[OE-core] PRSERVER is killing settop boxes

Sat Jul 19 18:38:24 UTC 2014

On 19-7-2014 18:21, Richard Purdie wrote:
> On Sat, 2014-07-19 at 14:10 +0200, Mike Looijmans wrote:
>> For a hobby project (openpli.org) there are about a million boxes
>> running software built with OE.
>>
>> I recently upgraded its core to the current master. What now happens is
>> that if a package like gcc has been changed, it will not only rebuild
>> everything, but it will also give all packages a new PR number. When a
>> box in the field now runs "opkg upgrade", it will get 286 "new" packages
>> and will try to squeeze them into its flash filesystem (even though only
>> about 5 of these packages actually have different content). This is
>> likely to kill the box, as the packages installed later on will take up
>> more room in the flash system than when they were initially installed
>> from scratch, and many models are using over 90% of the NAND flash space
>> available already.
>>
>> Before the PRSERVER was made mandatory, we never had this problem.
>>
>> Is there a way we can get the old behaviour of having to explicitly set
>> the PR of each package?
>> Or at least, distinguish between "the package itself was modified" and
>> "some library it depended upon was altered and we built a new one just
>> to make sure, but it'll likely work just fine with the previously built
>> one, so don't update the PR of the dependent packages".
>
> The key question is how do you tell that?

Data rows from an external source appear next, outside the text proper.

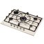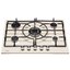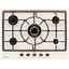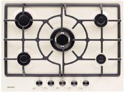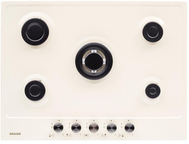Варочная панель оснащена пятью конфорками различной мощности. Продуманная конструкция и расположение горелок обеспечивают комфортную эксплуатацию: даже при использовании сразу всех зон нагрева посуде будет не тесно находиться рядом. Чугунная решетка состоит из трех частей. Их удобно снимать, мыть вручную или в посудомоечной машине. Надежный и прочный материал устойчив к высоким температурам, их перепадам, а также к возможным деформациям. Держатели элегантно гармонируют со стеклянной поверхностью в кремовом исполнении. Для регулировки мощности предусмотрены удобные ручки.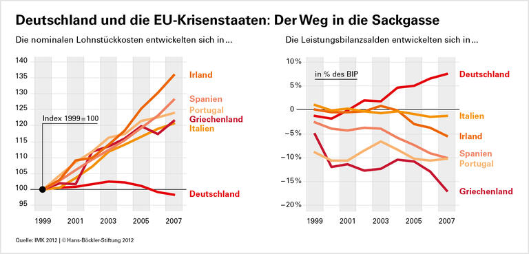 Zudem „liegen der gegenwärtigen Krise nicht primär die hohe Staatsverschuldung zugrunde, sondern Leistungsbilanzdefizite“, so die Analyse der Wirtschaftswissenschaftler. Stark unterschiedliche Leistungsbilanzsalden deuteten unabhängig vom Vorzeichen auf sich anbahnende Zahlungsbilanzprobleme hin: auf eine übermäßige Verschuldung des Privatsektors oder des Staats im Ausland beziehungsweise auf einen übermäßigen Aufbau von Forderungen gegenüber dem Ausland.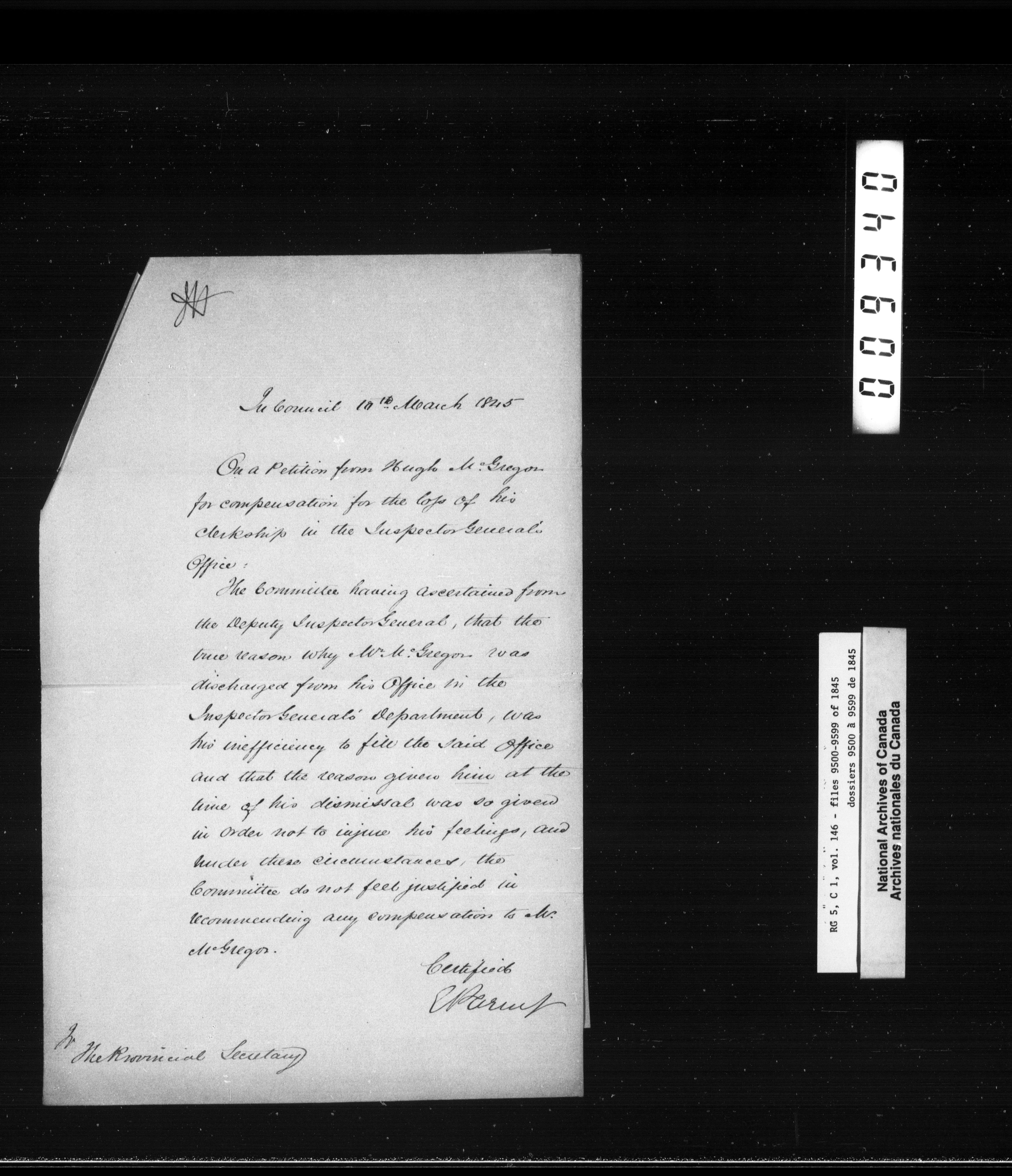 Canada West : Provincial Secretary, numbered correspondence files, 1844 to 1867 - 2356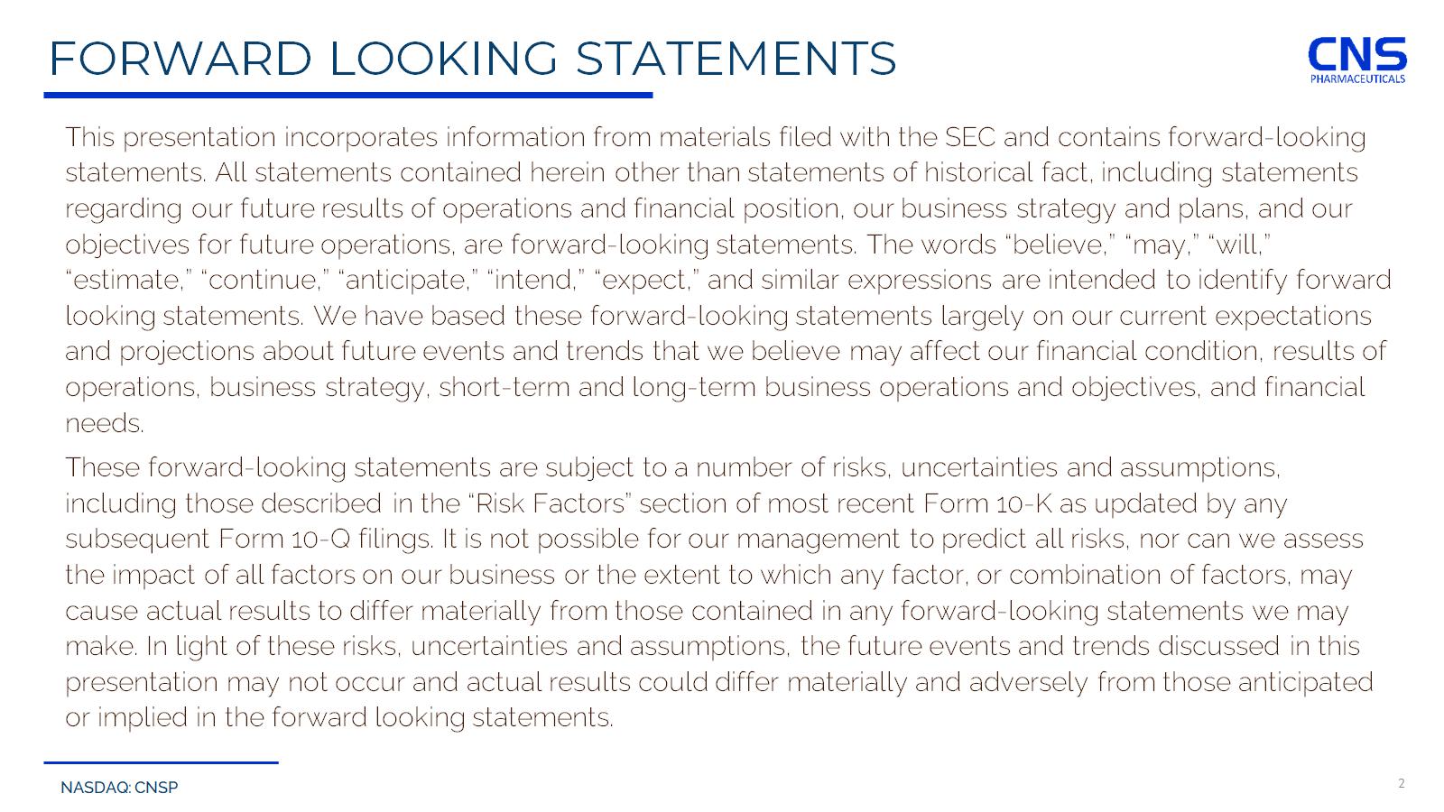 NASDAQ: CNSP This presentation incorporates information from materials filed with the SEC and contains forward - looking statements. All statements contained herein other than statements of historical fact, including statements regarding our future results of operations and financial position, our business strategy and plans, and our objectives for future operations, are forward - looking statements. The words “believe,” “may,” “will,” “estimate,” “continue,” “anticipate,” “intend,” “expect,” and similar expressions are intended to identify forward looking statements. We have based these forward - looking statements largely on our current expectations and projections about future events and trends that we believe may affect our financial condition, results of operations, business strategy, short - term and long - term business operations and objectives, and financial needs. These forward - looking statements are subject to a number of risks, uncertainties and assumptions, including those described in the “Risk Factors” section of most recent Form 10 - K as updated by any subsequent Form 10 - Q filings. It is not possible for our management to predict all risks, nor can we assess the impact of all factors on our business or the extent to which any factor, or combination of factors, may cause actual results to differ materially from those contained in any forward - looking statements we may make. In light of these risks, uncertainties and assumptions, the future events and trends discussed in this presentation may not occur and actual results could differ materially and adversely from those anticipated or implied in the forward looking statements. 2 FORWARD LOOKING STATEMENTS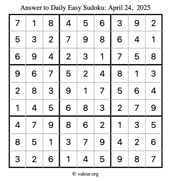 As promised, here is the solution to the April 24, 2025 easy sudoku puzzle: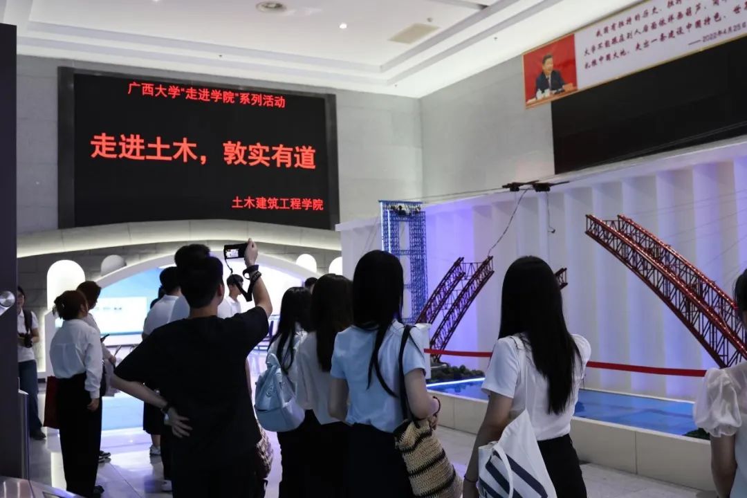 参观期间,讲解员详细介绍了平南三桥的建造环境、技术和创新点,此外还介绍了平陆运河沙盘、大型结构试验研究平台,让在场的每一位同学收获了一次难忘的科普体验。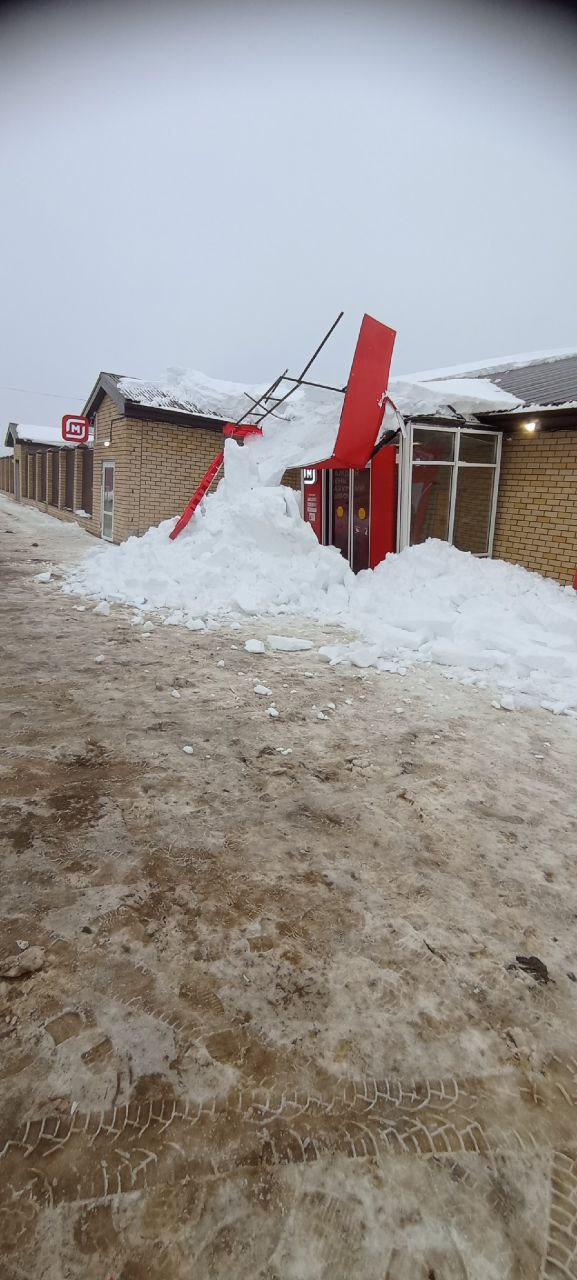 Сход снега с крыши магазина «Магнит» на Загородной улице в Осташкове: логотип повреждён, вход завален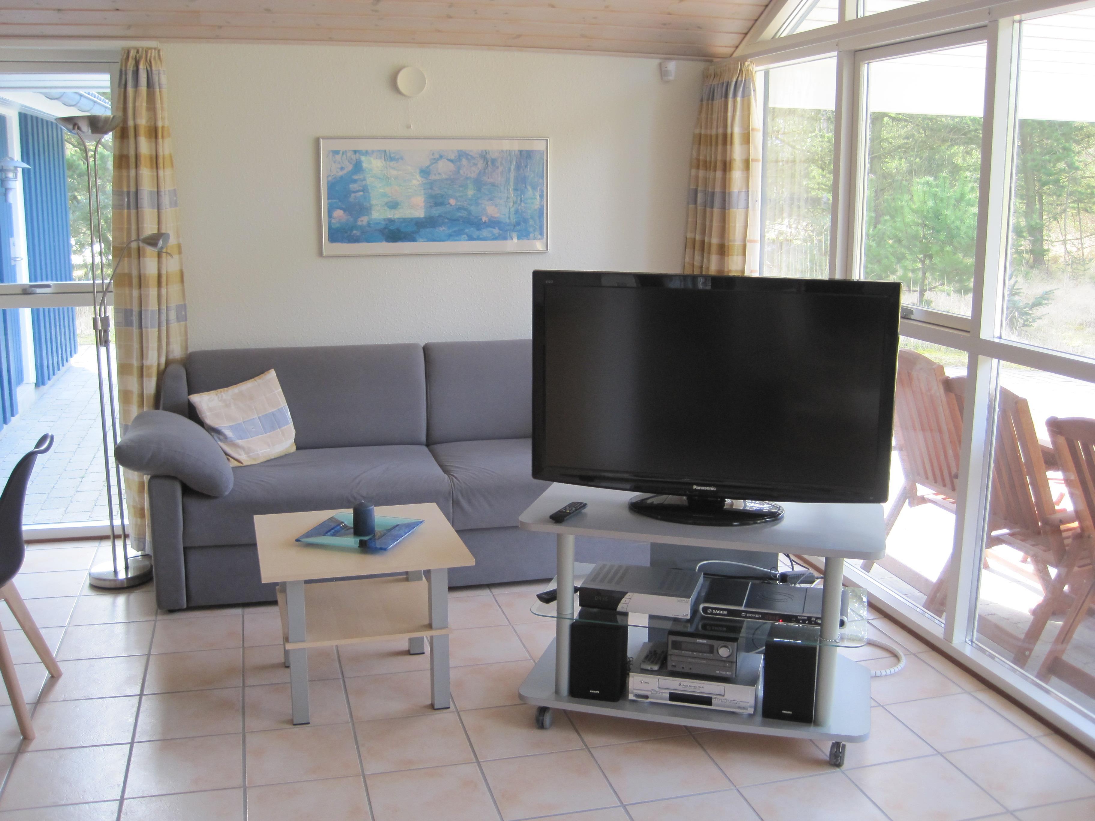 Es gibt zwei Badezimmer, von denen das eine mit einem Whirlpool und einer Sauna zu Entspannung und Wellness einlädt. Das Ferienhaus hat drei schöne Terrassen, - somit ist es gut möglich, an windigen Tagen einen geschützten Winkel zu finden. Die grösste Terrasse ist überdacht und befindet sich vor der Stube. Sie ist perfekt für die langen Sommerabende geeignet. Für die Kinder gibt es sowohl einen Sandkasten als auch eine Schaukel auf dem Grundstück und einen kleinen Spielplatz ganz in der Nähe. Hier können die Kinder frei spielen, zudem es bei Tranum auch einen grossen Waldspielplatz gibt und der wundervolle Tranumstrand nur wenige Kilometer entfernt liegt.

Up until now, just by running it and see if it worked. In all those 
years, I cannot recall a situation that a minor library upgrade ever was 
incompatible with existing clients. Usually the build fails, if the 
library had been changed in some incompatible way.
(the closed source software CAM still running on these systems has been 
compiled years ago by an ancient compiler in some unknown garage in 
Eastern Europe somewhere, and even that binary still runs on today's 
images flawlessly)

> Its always been assumed that we should be able to add some kind of
> binary diff tooling onto the end result and then only upgrade the
> package, if it really did change (for whatever value of 'change' you
> configure).

That'd be a tough tool to write. Things like "build date" tend to end up 
in packages and even binaries, so I'd expect there's little change of 
building the same library twice and ending up with binary equal results. 
Other than running a test suite on target, I really don't have a clue 
how to detect whether a dependent package would need to be rebuilt.

 From that point, I totally agree that the obvious choice is to just 
rebuild the dependent one.

It's like discovering that an X-ray machine in the hospital is faulty. 
Calling back patients for a rerun of the exam will expose them to 
radiation, and thus will certainly harm them. Not calling them back may 
expose them to wrong diagnoses.

In this case, rebuilding libraries will harm because it will needlessly 
consume flash space. Not rebuilding them may lead to application failure.

Until the PR server was mandatorized, we defaulted to "rebuild the 
libraries, but only install them on new machines and let existing setups 
keep what they have". It's also going to be hurting our servers - we're 
pushing the montly multi-terabyte bandwidth limits already, most of that 
traffic is "opkg upgrade", and now the upgrade size threatens to become 
over ten times larger, we'll need to be looking for bandwidth sponsors soon.

> To be honest, I get depressed when I read things like this.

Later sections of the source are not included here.